= International Playwriting Festival =

Theatre festival in Croydon, London

The International Playwriting Festival (IPF) is an annual theatre festival in London, United Kingdom.

==History and operations==
The IPF was founded in 1986 by Steve Gooch and Ted Craig and was hosted by the Warehouse Theatre, a producing theatre in Croydon, South London, until the Warehouse Theater Company Limited went into administration in May 2012. The IPF acted to ensure its reputation and continuation and is now under the umbrella of a new company, Warehouse Phoenix Limited.

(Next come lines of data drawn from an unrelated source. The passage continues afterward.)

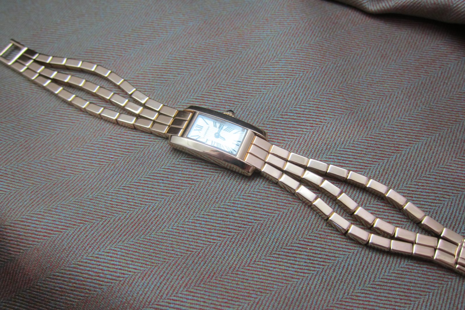 On its On its original 18k rose gold Lanières bracelet, measuring 6.6 inches in total length and secured by the original 18k clasp.
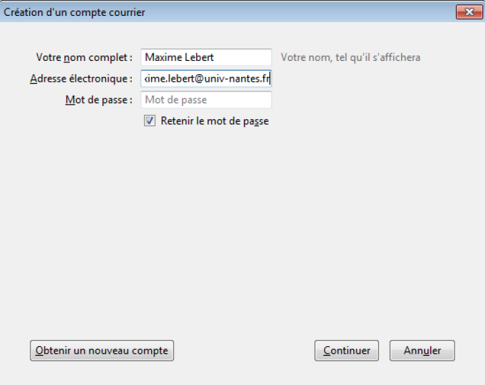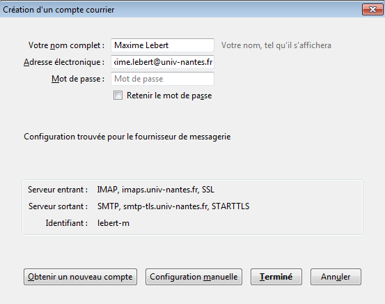 Si Thunderbird est déjà installé, fichier > nouveau > compte existant en commençant à l'étape 2.
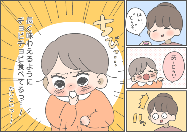 育児マンガ家おかめ(@omame_okame)さんの日常の出来事や奮闘をマンガでお届けします。1歳9ヶ月になる長女おまめちゃんに、このところハマっているお菓子があるそうです。食べすぎを心配したママの気持ちを知って、おまめちゃんが覚えた裏ワザとは…?
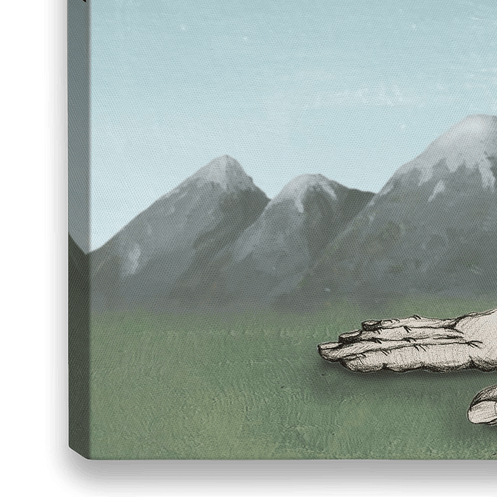Twee handen aan een arm staan in een berg landschap. Digitale collage van een potloodschets en een acryl verf landschap.

The IPF is held in two parts: the first is a competition with entries accepted from all over the world, which are judged by a panel of distinguished theater practitioners. The second is a celebration and a showcase of the selected plays, which is performed the following May.

The IPF has two international partners – Extra Candoni, Udine, Italy; and Theatro Ena, Nicosia, Cyprus, representing Italian and Greek new writing. There are also contributions from students from the BRIT School, a performing arts and technology secondary school in Croydon.
"Doing playwrights and the theatre at large a fine service". Jeremy Kingston, The Times 1990.

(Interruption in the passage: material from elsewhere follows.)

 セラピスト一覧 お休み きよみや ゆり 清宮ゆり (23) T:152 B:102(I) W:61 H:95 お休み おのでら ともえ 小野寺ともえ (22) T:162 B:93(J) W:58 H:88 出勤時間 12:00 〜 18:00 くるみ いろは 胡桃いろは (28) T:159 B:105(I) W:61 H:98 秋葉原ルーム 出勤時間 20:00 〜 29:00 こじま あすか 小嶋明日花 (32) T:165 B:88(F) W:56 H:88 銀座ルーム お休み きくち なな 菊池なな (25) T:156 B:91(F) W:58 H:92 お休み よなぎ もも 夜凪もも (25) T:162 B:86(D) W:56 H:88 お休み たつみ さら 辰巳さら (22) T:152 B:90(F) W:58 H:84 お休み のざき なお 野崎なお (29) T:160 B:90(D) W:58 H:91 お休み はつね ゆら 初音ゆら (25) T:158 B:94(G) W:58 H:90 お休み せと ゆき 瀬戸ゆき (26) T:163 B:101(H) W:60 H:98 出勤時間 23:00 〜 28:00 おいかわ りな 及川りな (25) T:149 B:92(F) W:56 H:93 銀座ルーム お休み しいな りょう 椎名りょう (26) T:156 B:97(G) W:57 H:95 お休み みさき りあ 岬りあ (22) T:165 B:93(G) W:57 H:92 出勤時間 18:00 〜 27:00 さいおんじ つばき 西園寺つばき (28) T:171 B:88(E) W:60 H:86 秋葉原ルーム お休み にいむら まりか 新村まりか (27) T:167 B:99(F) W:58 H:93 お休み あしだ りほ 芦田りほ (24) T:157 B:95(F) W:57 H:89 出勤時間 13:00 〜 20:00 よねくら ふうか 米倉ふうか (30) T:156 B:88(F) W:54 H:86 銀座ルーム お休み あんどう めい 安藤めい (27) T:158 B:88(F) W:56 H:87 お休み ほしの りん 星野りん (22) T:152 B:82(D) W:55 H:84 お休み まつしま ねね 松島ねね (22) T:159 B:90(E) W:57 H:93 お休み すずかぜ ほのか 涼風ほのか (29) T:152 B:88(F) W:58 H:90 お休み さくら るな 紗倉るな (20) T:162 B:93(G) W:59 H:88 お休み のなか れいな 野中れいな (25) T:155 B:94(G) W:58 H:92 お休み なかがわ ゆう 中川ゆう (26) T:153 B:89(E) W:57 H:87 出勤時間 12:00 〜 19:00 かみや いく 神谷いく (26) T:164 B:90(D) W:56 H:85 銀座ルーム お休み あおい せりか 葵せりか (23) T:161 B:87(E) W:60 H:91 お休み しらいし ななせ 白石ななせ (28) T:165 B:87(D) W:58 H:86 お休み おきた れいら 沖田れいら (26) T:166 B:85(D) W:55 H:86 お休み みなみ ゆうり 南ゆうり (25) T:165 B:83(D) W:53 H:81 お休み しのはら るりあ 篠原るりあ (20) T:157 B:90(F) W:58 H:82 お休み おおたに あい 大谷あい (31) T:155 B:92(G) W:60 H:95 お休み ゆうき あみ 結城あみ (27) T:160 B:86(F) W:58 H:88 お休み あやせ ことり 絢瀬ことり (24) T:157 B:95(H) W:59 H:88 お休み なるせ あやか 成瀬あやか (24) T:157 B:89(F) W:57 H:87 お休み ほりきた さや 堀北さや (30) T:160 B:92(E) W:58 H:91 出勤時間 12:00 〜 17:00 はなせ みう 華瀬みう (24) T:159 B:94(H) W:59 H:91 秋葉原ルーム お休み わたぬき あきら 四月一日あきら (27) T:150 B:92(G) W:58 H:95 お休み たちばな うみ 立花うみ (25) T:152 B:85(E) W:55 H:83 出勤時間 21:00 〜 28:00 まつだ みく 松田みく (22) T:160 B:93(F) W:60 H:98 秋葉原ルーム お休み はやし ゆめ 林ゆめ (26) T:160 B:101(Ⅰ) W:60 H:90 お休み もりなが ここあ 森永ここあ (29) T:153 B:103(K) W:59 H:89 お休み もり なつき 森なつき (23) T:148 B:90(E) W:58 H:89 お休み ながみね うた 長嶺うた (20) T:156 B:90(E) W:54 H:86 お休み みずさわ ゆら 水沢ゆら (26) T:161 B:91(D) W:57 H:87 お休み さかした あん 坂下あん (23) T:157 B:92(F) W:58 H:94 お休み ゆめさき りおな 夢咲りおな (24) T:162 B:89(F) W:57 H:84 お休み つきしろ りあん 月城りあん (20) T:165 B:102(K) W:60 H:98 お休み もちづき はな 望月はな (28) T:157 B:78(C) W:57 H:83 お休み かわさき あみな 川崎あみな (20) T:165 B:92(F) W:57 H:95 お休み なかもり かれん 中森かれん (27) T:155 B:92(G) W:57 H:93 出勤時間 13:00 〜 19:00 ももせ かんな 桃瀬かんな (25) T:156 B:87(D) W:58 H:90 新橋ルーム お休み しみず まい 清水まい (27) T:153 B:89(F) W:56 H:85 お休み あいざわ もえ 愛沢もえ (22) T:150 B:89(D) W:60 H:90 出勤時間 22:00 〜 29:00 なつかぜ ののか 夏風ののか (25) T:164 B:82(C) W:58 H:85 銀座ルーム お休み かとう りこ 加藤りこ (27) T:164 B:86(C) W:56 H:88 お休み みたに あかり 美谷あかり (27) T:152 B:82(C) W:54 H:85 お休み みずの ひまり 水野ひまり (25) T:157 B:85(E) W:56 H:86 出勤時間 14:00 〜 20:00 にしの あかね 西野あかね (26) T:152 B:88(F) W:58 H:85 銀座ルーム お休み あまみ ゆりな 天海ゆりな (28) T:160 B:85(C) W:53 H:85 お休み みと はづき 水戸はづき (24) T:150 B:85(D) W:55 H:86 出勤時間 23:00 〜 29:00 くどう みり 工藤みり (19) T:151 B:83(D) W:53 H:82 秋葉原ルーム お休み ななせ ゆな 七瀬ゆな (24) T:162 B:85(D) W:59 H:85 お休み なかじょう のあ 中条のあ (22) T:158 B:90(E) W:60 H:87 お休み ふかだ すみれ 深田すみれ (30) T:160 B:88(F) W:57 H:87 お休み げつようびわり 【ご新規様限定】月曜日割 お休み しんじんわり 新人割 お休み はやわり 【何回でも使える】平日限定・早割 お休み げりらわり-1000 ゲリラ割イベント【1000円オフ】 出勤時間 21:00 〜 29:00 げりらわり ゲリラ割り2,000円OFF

The 2013 IPF was held at Fairfield Halls in Croydon, on 29 and 30 June 2013, and the selected play, The Road to Nowhere by Sean Cook, was given a full production at the Ashcroft Theatre, a theatre within Fairfield Halls, from 2 to 5 October 2013.

Writers discovered by the IPF include:
- Mark Norfolk – His debut play, Knock Down Ginger, was produced at the Warehouse Theatre in June 2002 (the education project attached to the play was nominated for the Arts Council England’s Eclipse award for combating racism through theatre). Knock Down Ginger was also showcased in Urbino, Italy, the same year. His second play, Wrong Place, was produced by the Soho Theatre in October 2003.
- Maggie Nevill – The Shagaround was premièred at the Premio Candoni Arta Terme in 2001 and co-produced by the Warehouse Theater Company and the Nuffield Theatre, Southampton, playing at the Nuffield Theatre, the Ashcroft Theatre, the Soho Theatre and the Theatre Royal, Brighton.
- Roumen Shomov – The Dove was premièred at the Warehouse Theatre in April 2000 and was also showcased at the Premio Candoni Arta Terme in the same year. It went on to be produced in Bulgaria at The State Theatre in Yambol, and the Satirical Theatre in Sofia.
- Dominic McHale – The Resurrectionists was co-produced by the Octagon Theatre in Bolton (Greater Manchester) and the Warehouse Theater in 1998.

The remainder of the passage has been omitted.